Starting point is 00:57:34 We've had, you know, we've had generations. Yeah, good point. Very difficult time entering into the labor market, high unemployment, and everything kind of worked out, right? They learned the skills. Eventually, they picked up, right? Maybe they got a boost from some additional technology that came along. So I don't know, I believe that even if there is some weaker hiring today among the entry level that they'll still pick, there'll be sufficient number of them that do pick up the skills. And things are going to evolve as well.
Starting point is 00:58:05 So the skills that a middle manager or senior manager or CEO are going to need, I don't know, 20 years from now, they may be quite different from what they may be learning today at the entry level. kind of to your point, I don't know that we always have to go all the way back to first principles. When someone learns a new field, they can get an edge up, right? My kid, or other students today, they're using scientific calculators, right? I don't know that that makes them terrible mathematicians, maybe some of them, but I think there's also certainly some real advantage to be able to leverage that technology. So, well, just the obvious, I'm less pessimistic. Just the obvious point that if you want to advance, you've got to take some of this stuff as given, right? I mean, because if you go back and learn everything, then it's going to be pretty hard to move forward, I would think.
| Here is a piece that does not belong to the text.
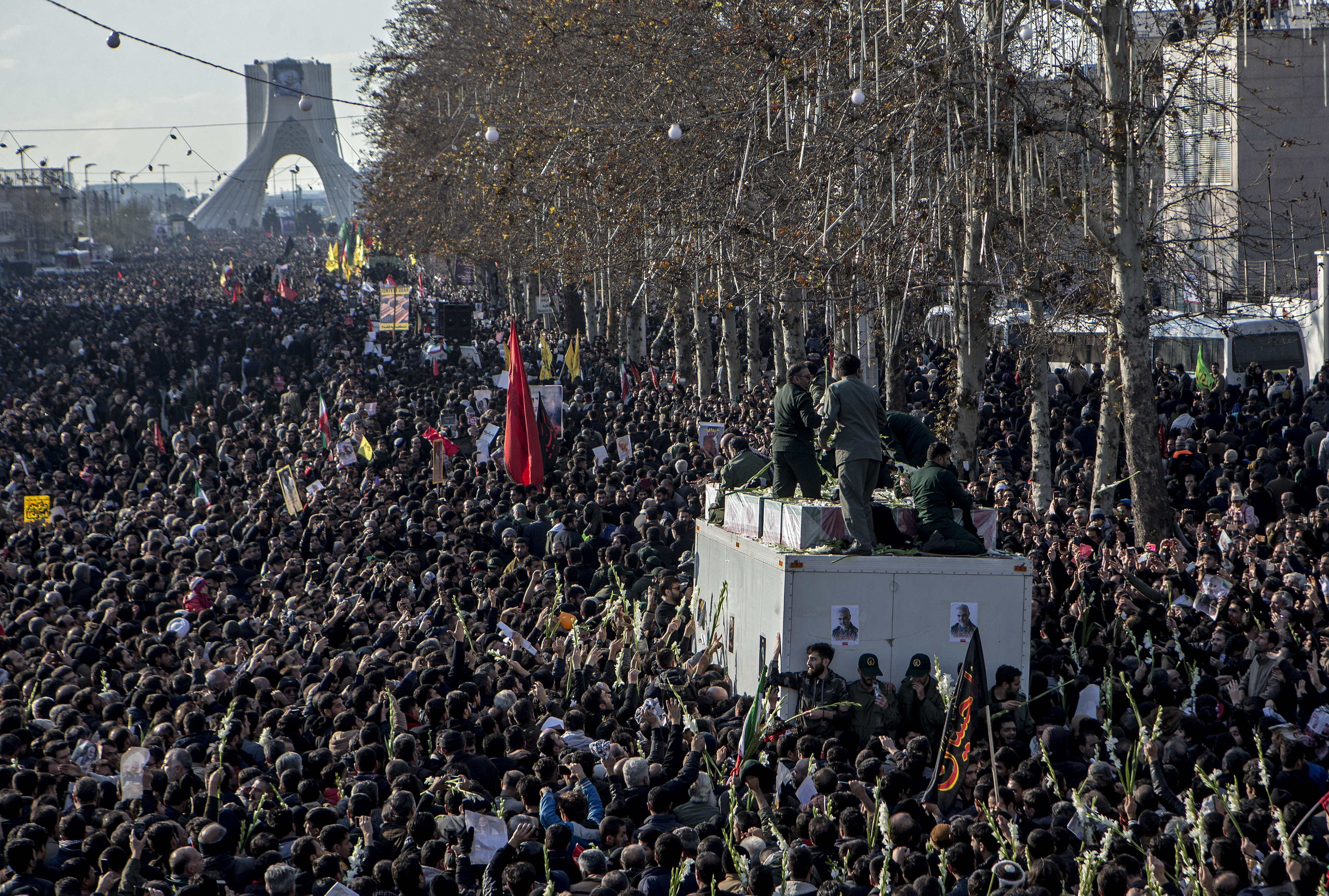 Iranian mourners attend a funeral procession for senior commander Qassem Soleimani slain by the U.S. in Iraq on Friday, in Iranian capital of Tehran, Jan. 6, 2020. (Xinhua/Ahmad Halabisaz)

Starting point is 00:58:59 Yeah. Yeah. But going back to the question about optimist or pessimist, I do sense, and I say this with no data, I just sense it talking to younger people all over the world, that they're just generally more pessimistic. I just, I get that sense of things, that they're worried about really big things that are so overwhelming that they can't get beyond it. Like, you know, climate change or, you know, what's going on with regard to autocratic governments around the world, these things matter. And I worry about birth rates and, because, you know, you have to be an inherent optimist to have
Starting point is 00:59:38 children, don't you? I mean, fundamentally, you have to be optimistic to have a child. right to bridge on. You have to be naive, I think. Or naive or both, or both, or both, or both. Anyway, these are great questions, thought-provoking. Yeah, very, very good questions. And we are going to call this a podcast at an hour, so this is a little shorter.
Starting point is 00:59:57 Not a whole lot shorter. It's a little shorter. And we'll be back. I think we record another podcast this coming Friday. We'll have more data. Consumer Price Index. CPI comes out on Thursday. I think we got UMIS, University of Michigan Survey, Philly Fed Survey.
Starting point is 01:00:13 What else do we have? Anything else coming out that's a consequence? No. The government's still behind, and we still don't have release dates for a lot of the data, but it should be coming where else to lose soon. Okay. Well, we, I think we'll call it a podcast, dear listener. I hope you enjoyed the conversation, and we will catch you next week. Take care now.
Starting point is 01:00:43 Thank you.